6. De rechtbank veroordeelt verweerder in de door eiser gemaakte proceskosten. Deze kosten stelt de rechtbank op grond van het Besluit proceskosten bestuursrecht voor de door een derde beroepsmatig verleende rechtsbijstand vast op € 2.100,-- (1 punt voor het indienen van het bezwaarschrift, 1 punt voor het verschijnen ter hoorzitting, 1 punt voor het indienen van het beroepschrift, 1 punt voor het verschijnen ter zitting, met een waarde per punt van
€ 525,-- en een wegingsfactor 1).

Beslissing

De rechtbank:
  • verklaart het beroep gegrond;
  • vernietigt het bestreden besluit;
  • herroept de primaire besluiten, bepaalt dat verweerder aan eiser met ingang van
9 oktober 2018 bijstand verleent naar de voor hem geldende norm en bepaalt dat deze uitspraak in de plaats treedt van het vernietigde bestreden besluit;
  • draagt verweerder op het betaalde griffierecht van € 47,-- aan eiser te vergoeden;
  • veroordeelt verweerder in de proceskosten van eiser tot een bedrag van € 2.100,--.
Deze uitspraak is gedaan door mr.
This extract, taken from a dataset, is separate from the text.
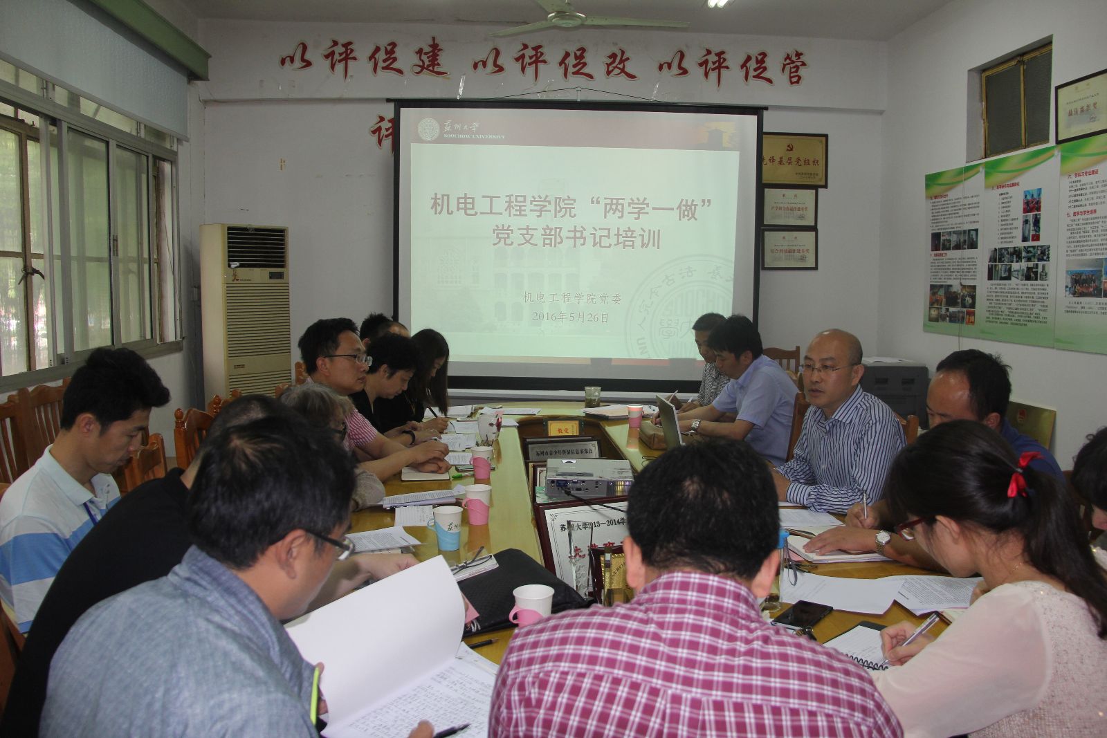 为切实推进“两学一做”学习教育的开展,5月26日下午,机电工程学院在丝韵楼208会议室召开学习教育推进会暨第二次党支部书记专题培训会。学院党委书记刘鲁庆主持会议,学院部分领导班子成员和全体党支部书记与会。

E. Hoekstra, rechter, in aanwezigheid van
mr. M.D. Moeke, griffier. De beslissing is in het openbaar uitgesproken op
griffier rechter
Afschrift verzonden aan partijen op:

Rechtsmiddel

Tegen deze uitspraak kan binnen zes weken na de datum van verzending daarvan hoger beroep worden ingesteld bij de Centrale Raad van Beroep. Als hoger beroep is ingesteld, kan bij de voorzieningenrechter van de hogerberoepsrechter worden verzocht om het treffen van een voorlopige voorziening of om het opheffen of wijzigen van een bij deze uitspraak getroffen voorlopige voorziening.